═══ DATA SUPPLIED ═══

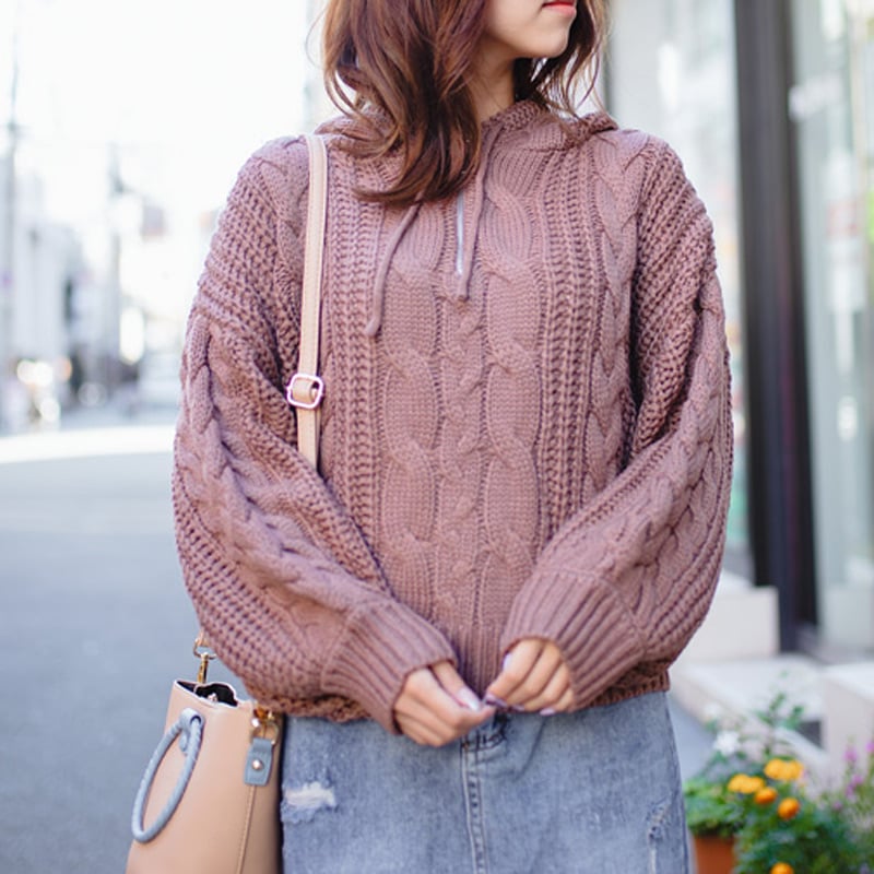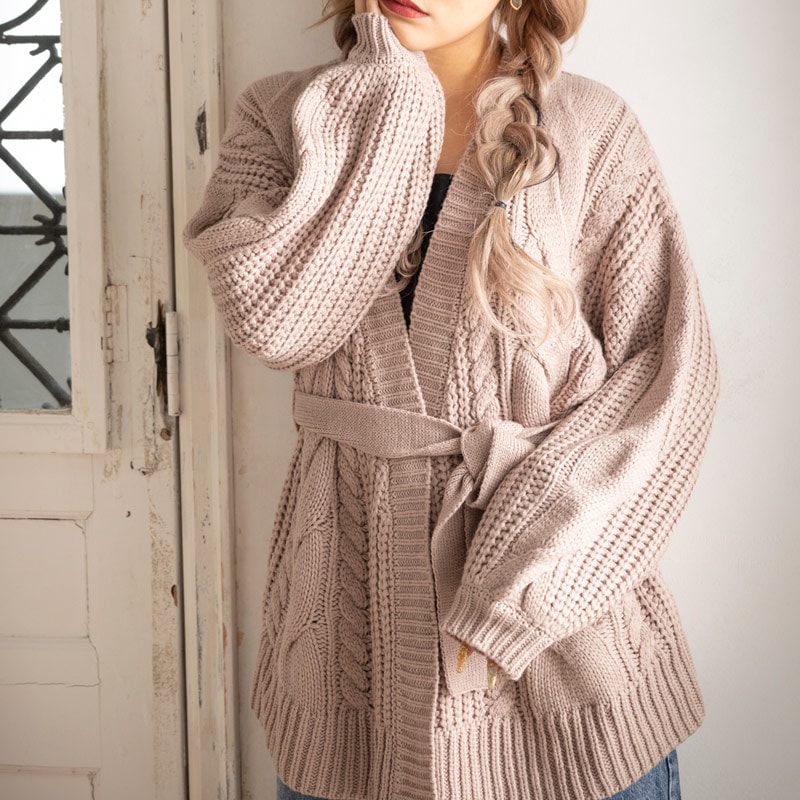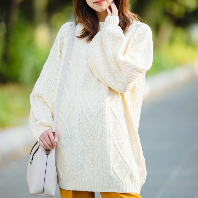 ニット セーター レディース トップス 長袖 ケーブル模様 ケーブル編み ざっくり シンプル 定番 【送料pt100】
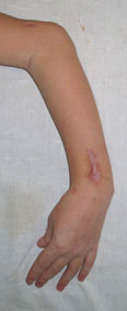 Мое упущение - не указал, что одним из "поводов" к открытому вмешательству была необходимость тенолиза разгибателей. На исходной фотографии виден втянутый (спаянный с костью) рубец, вынужденное положение пальцев кисти.
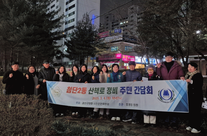 이날 간담회에서는 조영임 의원(더불어민주당, 첨단1·2동)이 첨단2동 주민, 관계 공무원 등과 직접 현장을 점검하며 산책로 환경 개선을 위한 다양한 의견을 교환했다.
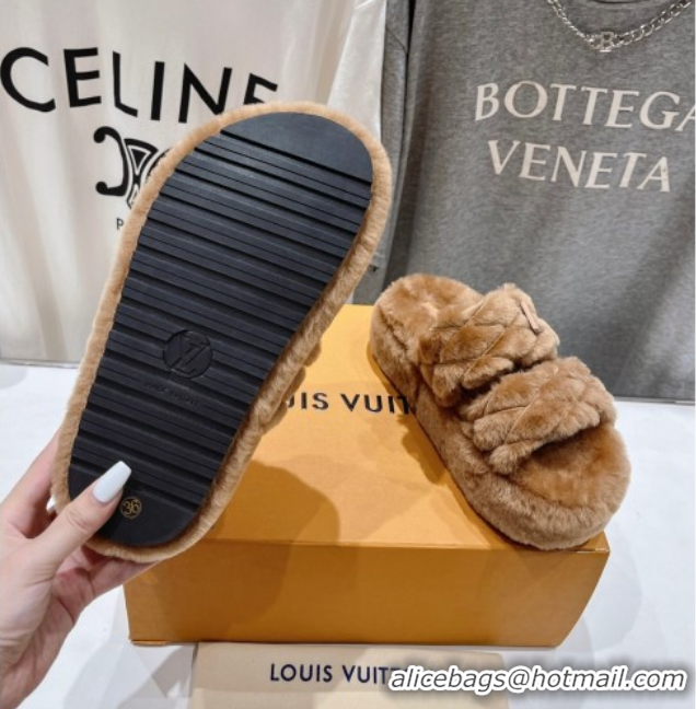 Discount Louis Vuitton LV Bliss Comfort Shearling Platform Slides Sandal Brown LV082906 0829117
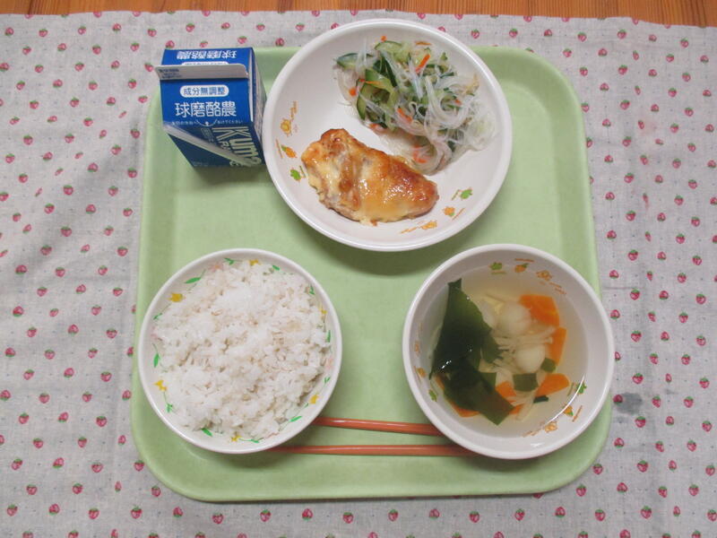 今日は、文字通り、中華でした。中華まぜごはんに、中華スープで、中華料理の味を堪能しました。特に中華まぜごはんは、具だくさんに、香ばしくごはんが進みました。今日もおいしくいただきました。
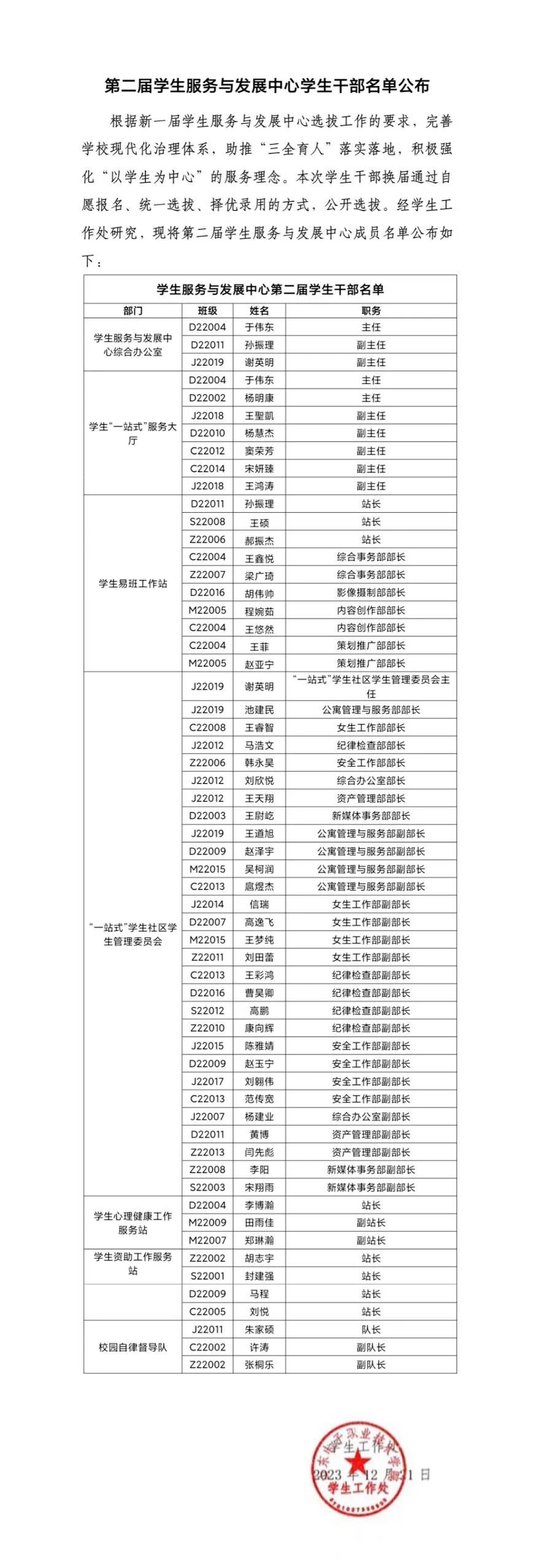 第二屆學(xué)生服務(wù)與發(fā)展中心學(xué)生干部名單公布
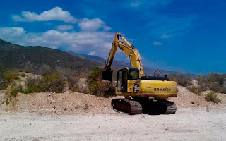 excavadora removiendo tierra de un páramo cerca del paso fronterizo haitiano de
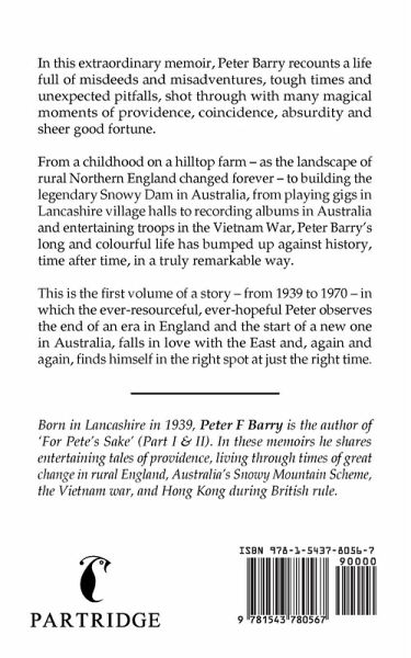 In this extraordinary memoir, Peter Barry recounts a life full of misdeeds and misadventures, tough times and unexpected pitfalls, shot through with many magical moments of providence, coincidence, absurdity and sheer good fortune. From a childhood on a hilltop farm - as the landscape of rural Northern England changed forever - to building the legendary Snowy Dam in Australia, from playing gigs in Lancashire village halls to recording albums in Australia and entertaining troops in the Vietnam War, Peter Barry's long and colourful life has bumped up against history, time after time, in a truly remarkable way. This is the first volume of a story - from 1939 to 1970 - in which the ever-resourceful, ever-hopeful Peter observes the end of an era in England and the start of a new one in Australia, falls in love with the East and, again and again, finds himself in the right spot at just the right time.
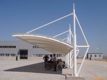 膜结构(Membrane)是20世纪中期发展起来的一种新型建筑结构形式,膜结构车棚是由多种高强薄膜材料及加强构件(钢架、钢柱或钢索)通过一定方式使其内部产生一定的预张应力以形成某种空间形状,作为覆盖结构,并能承受一定的外荷载作用的一种空间结构形式。
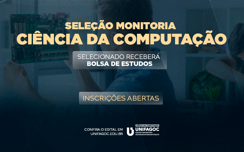 Confira o edital do Programa de Monitoria do curso de Ciência da Computação UNIFAGOC
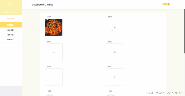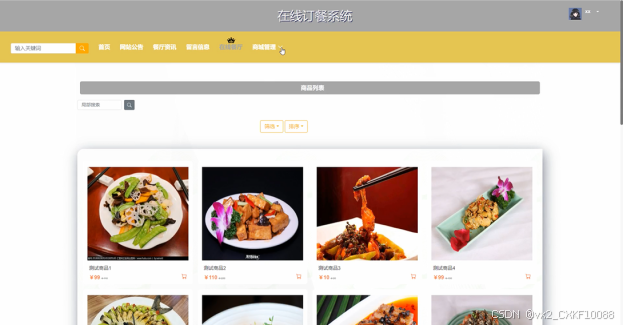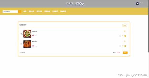 在线餐厅:在线餐厅功能展示所有可订餐的菜品,包括菜品名称、图片、口味等信息。用户可以根据自己的需求下单喜欢的菜品。
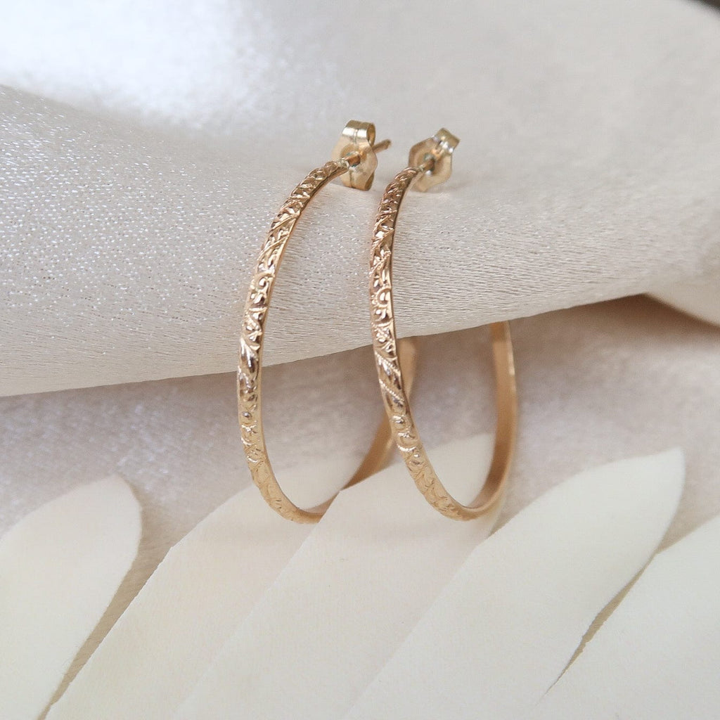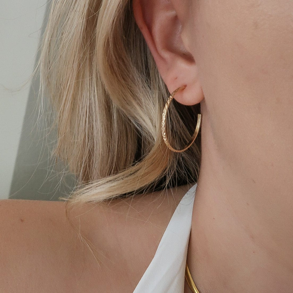 Inspired by the vibrant Lehua flower, a symbol of love and life in Hawaii, the Lehua Hoops are a delicate yet bold statement piece. These 30mm 14k gold filled hoops feature a floral-patterned design that brings together elegance and nature in a timeless way. Lightweight and perfect for everyday wear, they’ll easily become your go-to for adding a touch of effortless beauty to any outfit.
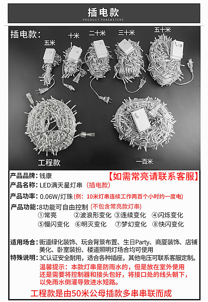 常亮24V不含变压器,请联系客服购买或自备24V电源,2米不送电池
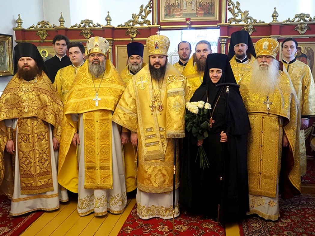 В связи с решением Священного Синода Русской Православной Церкви митрополит Смоленский и Дорогобужский Исидор на Малом входе возвел в игуменское достоинство Свято-Димитриевского женского монастыря монахиню Антонию (Егорову) и вручил ей игуменский жезл.
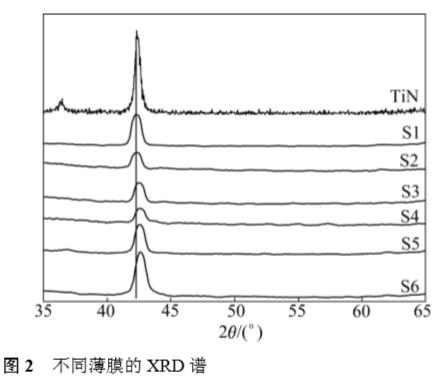 表 1 所列為 6 個樣品(S1~S6)的 EDS 分析結(jié)果。由表1可知,薄膜中N含量(摩爾分?jǐn)?shù))保持基本不變,隨著Si含量的增大,Ti含量逐漸下降。通過改變離子束濺射的束流和磁過濾線圈電流使薄膜中 Si 含量具有較強(qiáng)的可控性,所制備的 TiSiN 薄膜中 Si 含量在 3.2%~15.5%的范圍。
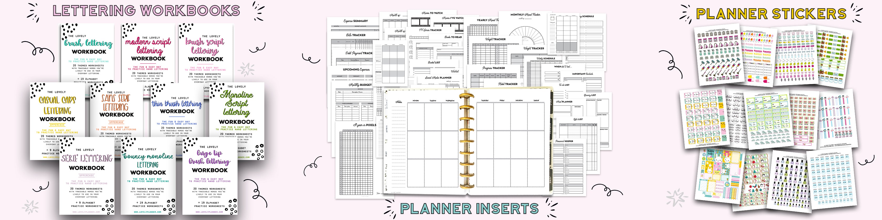 Mega BUNDLE: Ultimate Planner Bundle + Lettering Workbooks + Kawaii Stickers Pack5.0 / 5.0 (10) 10 total reviews Regular price $47.00 USDRegular priceUnit price / per$225.00 USDSale price $47.00 USDSale

═══

TASK DIRECTIONS
Each line from the line containing "表 1 所列為 6 個樣品(S1~S6)的" through the final line of the data above must be retyped exactly; nothing else, and no pictures, may appear.

ANSWER BOX
 表 1 所列為 6 個樣品(S1~S6)的 EDS 分析結(jié)果。由表1可知,薄膜中N含量(摩爾分?jǐn)?shù))保持基本不變,隨著Si含量的增大,Ti含量逐漸下降。通過改變離子束濺射的束流和磁過濾線圈電流使薄膜中 Si 含量具有較強(qiáng)的可控性,所制備的 TiSiN 薄膜中 Si 含量在 3.2%~15.5%的范圍。
 Mega BUNDLE: Ultimate Planner Bundle + Lettering Workbooks + Kawaii Stickers Pack5.0 / 5.0 (10) 10 total reviews Regular price $47.00 USDRegular priceUnit price / per$225.00 USDSale price $47.00 USDSale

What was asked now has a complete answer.